The task:
Copy exactly every line below, from the first through the one that contains "The Recreational Outdoor", and skip all pictures.

___ Records to process ___

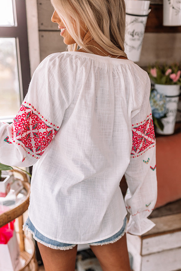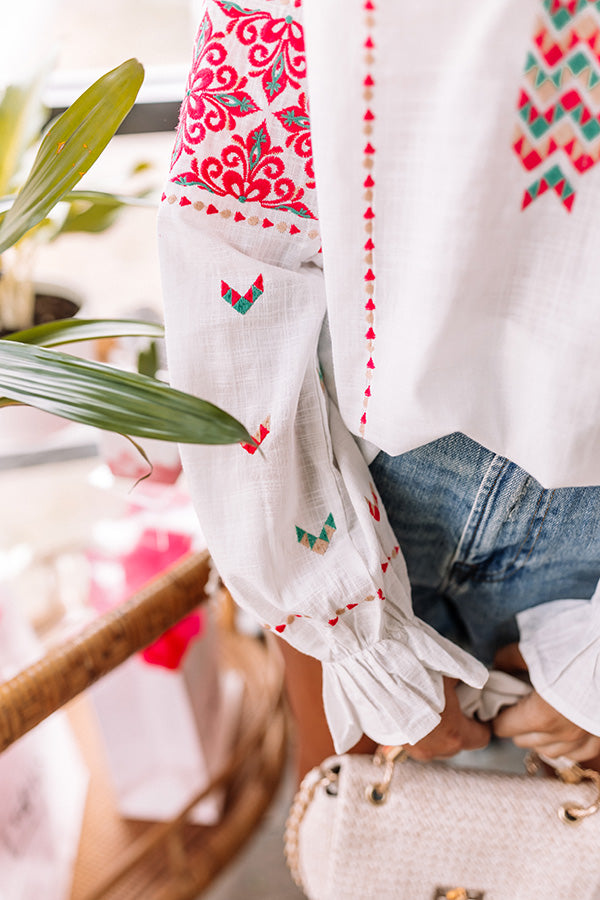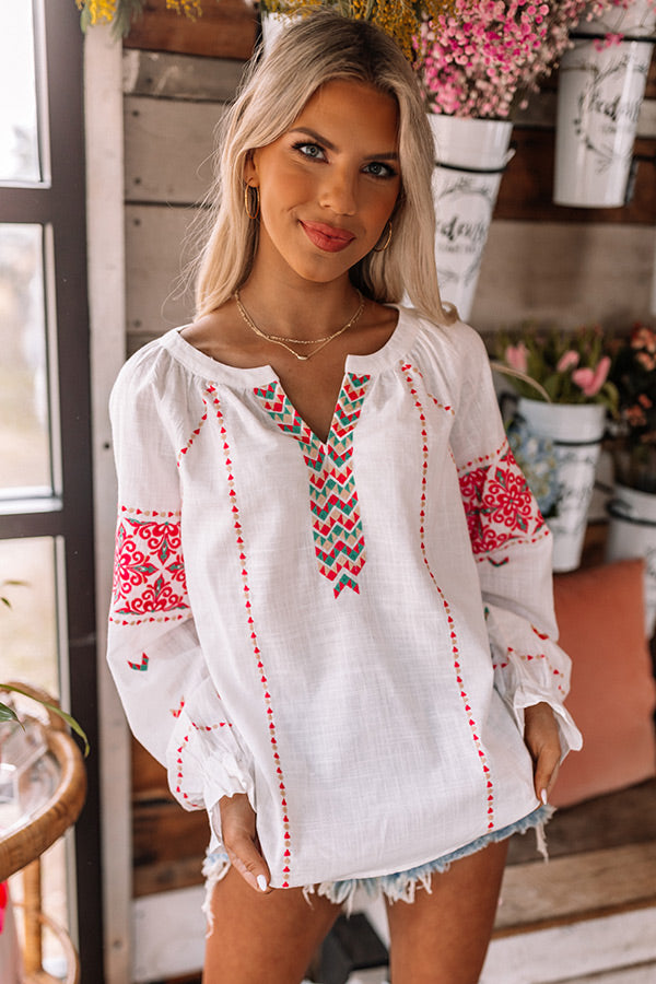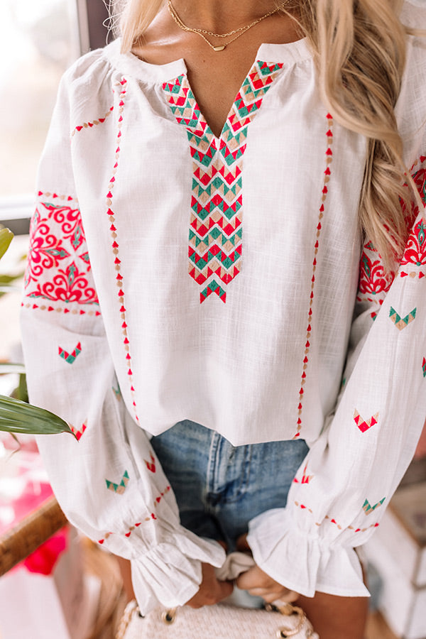 Live life colorfully in our adorable white 'Mezcal Margs' top featuring lightweight material with intricate colorful embroidered detailing, a rounded neckline with a v-notch, long bishop sleeves with subtly flared cuffs, and a relaxed silhouette that falls into a straight hemline!
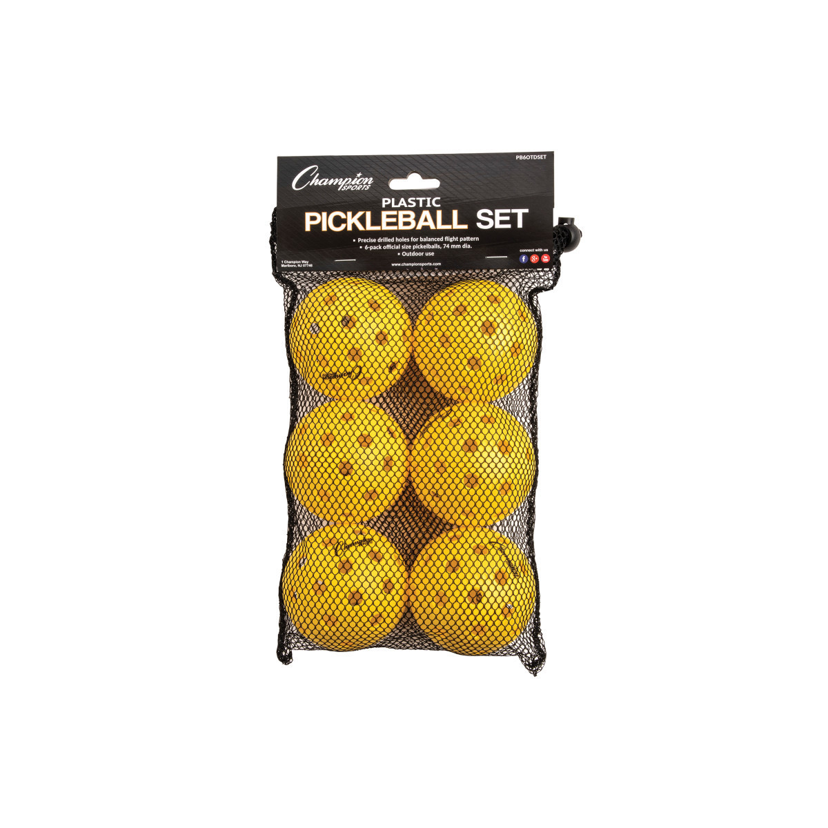 The Recreational Outdoor Pickleball Set are superior balls made for the up-and-coming sport of pickleball. This ball is engineered with the best PE material and the seamless design allows for unlimited hours of aggressive game-play. The precisely drilled holes allow for a balanced flight pattern. The weight and size are ideal for a perfect game on outdoor courts. Each pack includes 6 pickleballs.
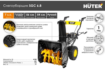 Снегоуборщик Huter SGC 6,8 предназначен для уборки от снега небольших дачных и придомовых участков, подъездных дорожек. Благодаря небольшим габаритам хорошо очищает труднодоступные места. Снегоуборщик оснащён бензиновым двигателем мощностью 7 л.с. и пятью скоростями вперёд и двумя назад. Ширина захвата при одном проходе составляет 56 см. А высота захвата составляет 54 см. Высота подъема ковша регулируется металлическими башмаками. Рабочим органом является шнек спиралевидной формы из прочной углеродистой стали, поэтому снегоуборщик способен справляться со слежавшимся снегом, настом и даже кусками льда. Загребаемый снег выбрасывается через специальный жёлоб на 15 метров в сторону. Дальность выброса регулируется посредством наклона отражателя. Поворачивать желоб можно на 190° прямо в процессе работы.
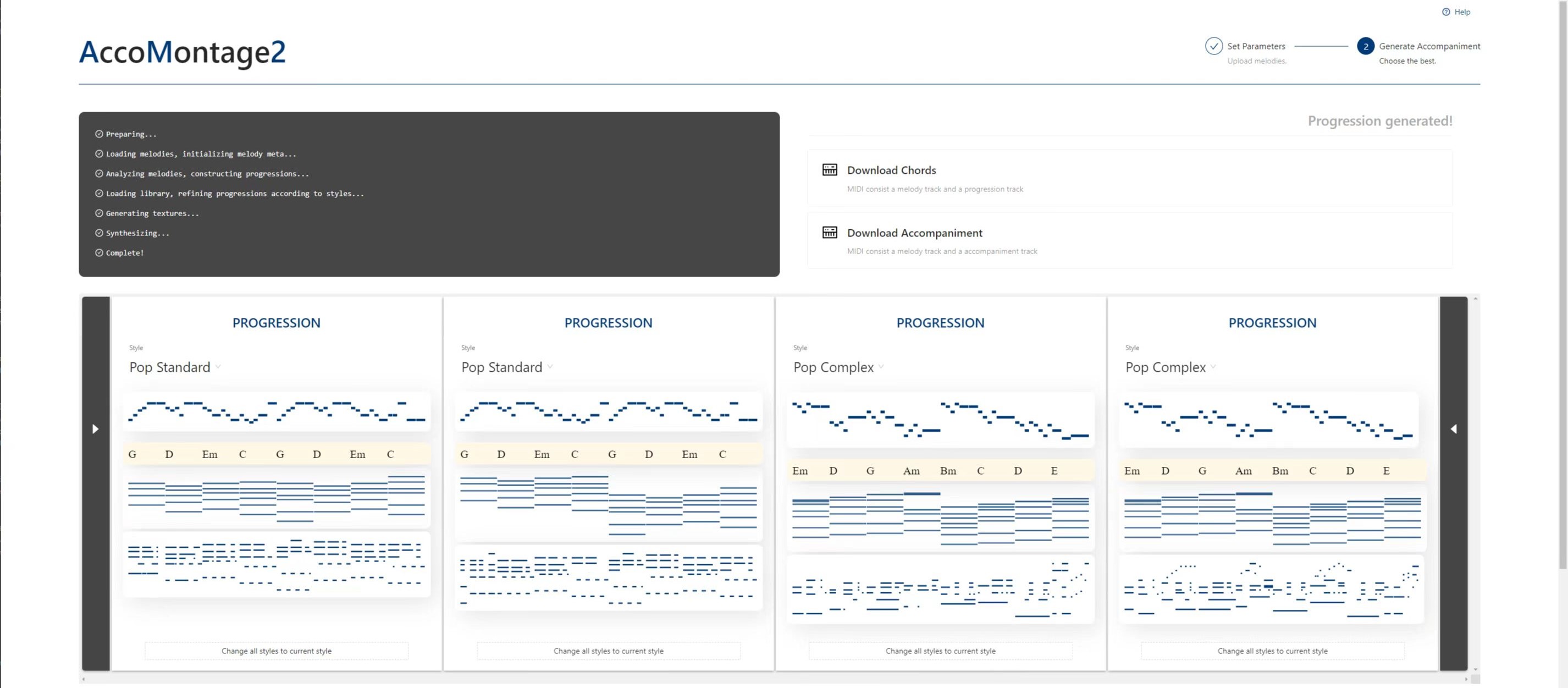 Chord and accompaniment generator, pure python package that generate chord progression and accompaniment according to given melodies. Code for paper AccoMontage2: A Complete Harmonization and Accompaniment Arrangement System.
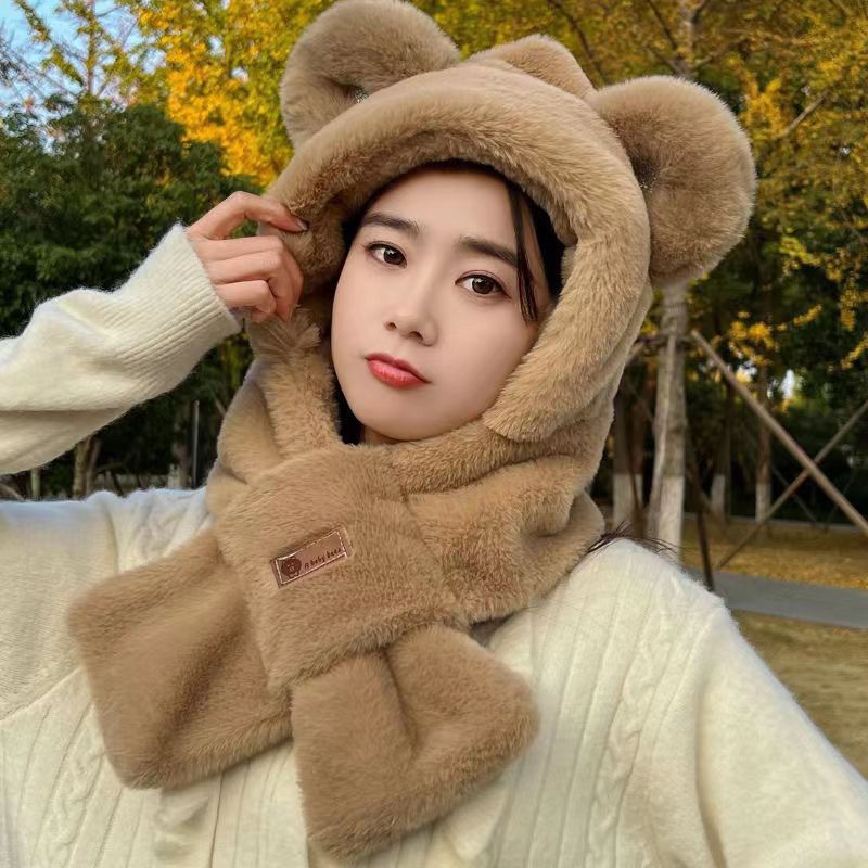 帽子のマフラーのマスクの一体の毛の帽子の子供の冬のぬいぐるみのかわいい熊の耳は首を囲んで防寒して帽子を温めます。
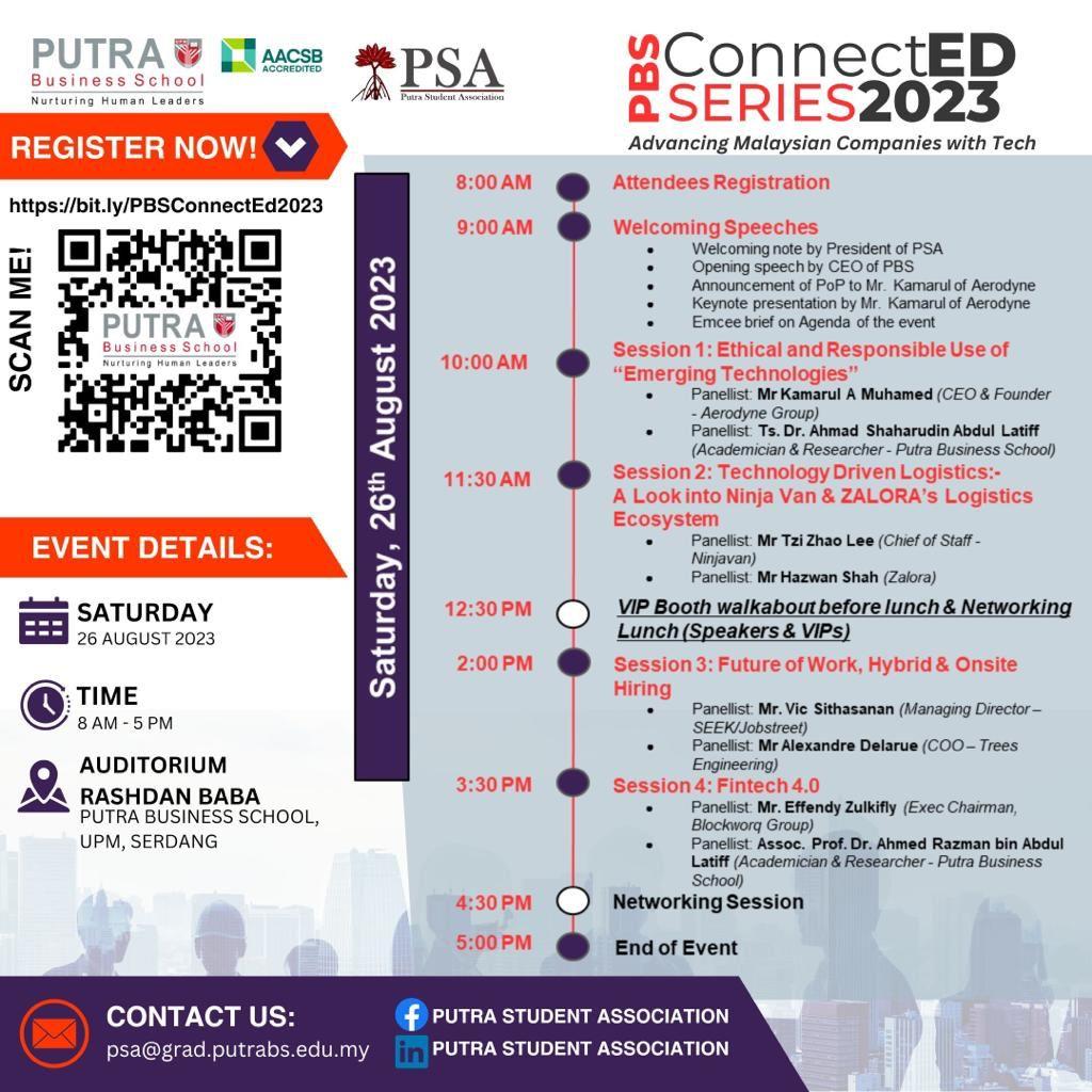 PBS ConnectEd Series 2023: Advancing Malaysian Companies with Tech; aims to bring together the best of technology and networking, empowering you to explore the latest advancements at our tech-themed conference, gain insights from industry leaders, and connect with like-minded professionals. Get ready to unlock new opportunities through our mini job fair!
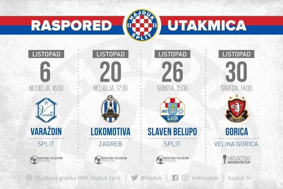 Hajdukovci će zatim u 13. kolu u subotu 26. listopada igrati protiv Slaven Belupa na Poljudu, a za kraj mjeseca ostaje gostovanje u Gorici, u srijedu od 14 sati u sklopu 1/8 finala Hrvatskog nogometnog kupa.
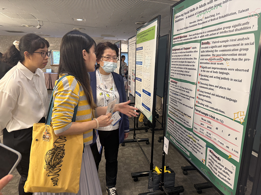| 語言治療師張芠馨於2025第二十七屆亞洲智能障礙聯盟大會(AFID)發表海報論文,主題為「The Effects of Communication Group Activity on social skills of adults with disabilities」(中譯:成人自閉症與智能不足個案之社交技巧促進:一項溝通團體活動成效分析)。 |
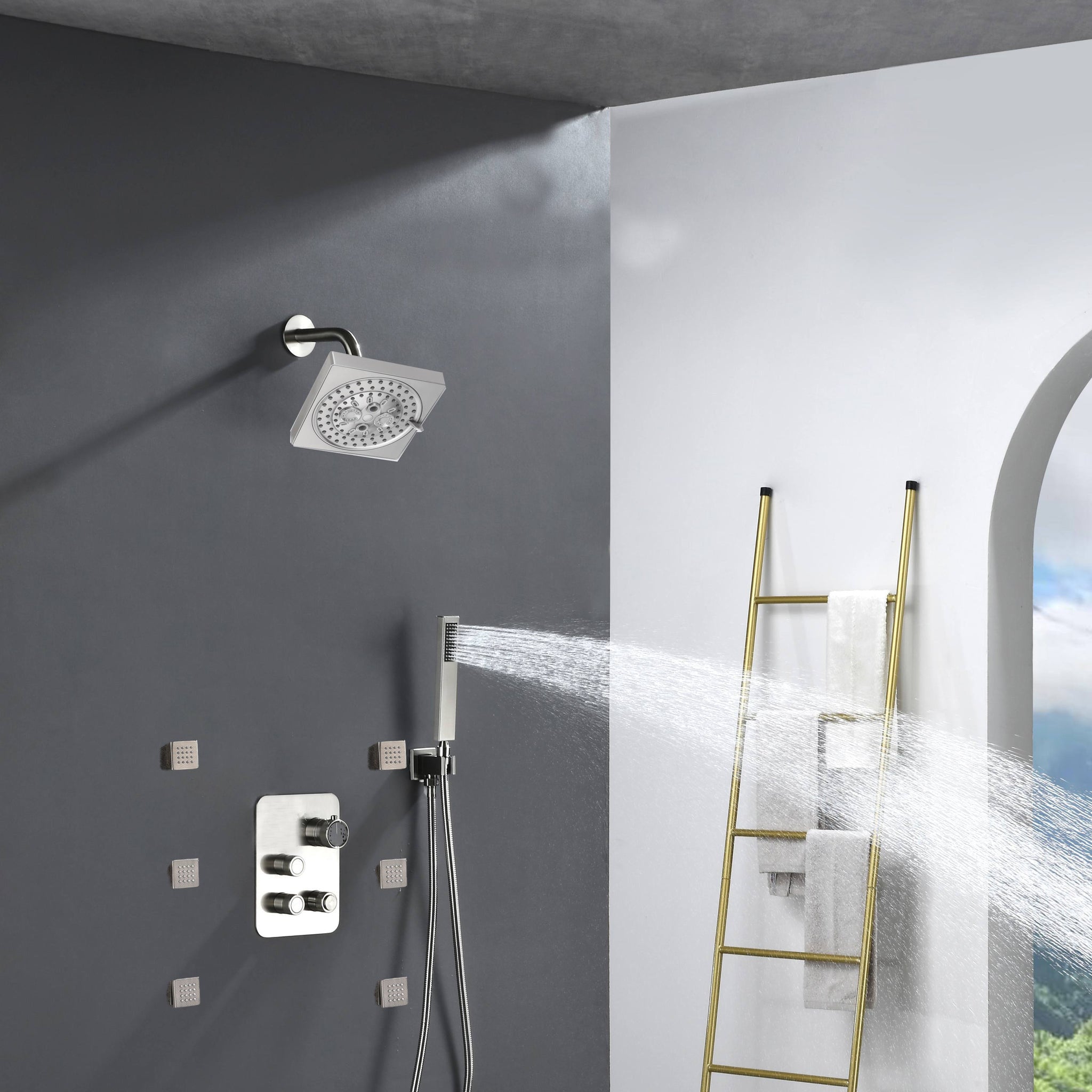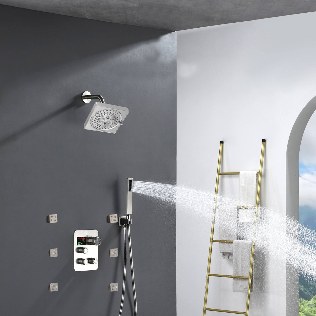 6" Regular Shower Head - 3-Way Digital Thermostatic System with 6 jets
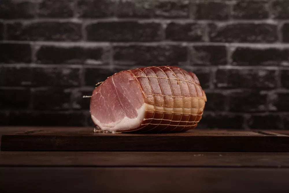 Den kan lÀtt skivas efter tillagning, dess form Àr nÄgot avlÄng, rundad, med skinn pÄ en tredjedel till hÀlften av ytan, med ett maximalt 1 cm lager bacon.
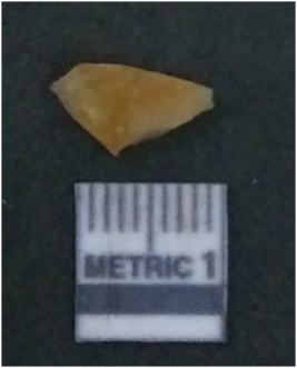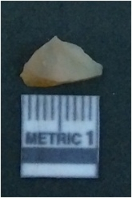 | Description / विवरण | It is chalcedony flake, translucent in appearance. The piece shows sharp pointed ends and flake scars on the surface as a result of flaking. The piece shows a bulb of percussion. |

___

Solution for this exercise:
 Live life colorfully in our adorable white 'Mezcal Margs' top featuring lightweight material with intricate colorful embroidered detailing, a rounded neckline with a v-notch, long bishop sleeves with subtly flared cuffs, and a relaxed silhouette that falls into a straight hemline!
 The Recreational Outdoor Pickleball Set are superior balls made for the up-and-coming sport of pickleball. This ball is engineered with the best PE material and the seamless design allows for unlimited hours of aggressive game-play. The precisely drilled holes allow for a balanced flight pattern. The weight and size are ideal for a perfect game on outdoor courts. Each pack includes 6 pickleballs.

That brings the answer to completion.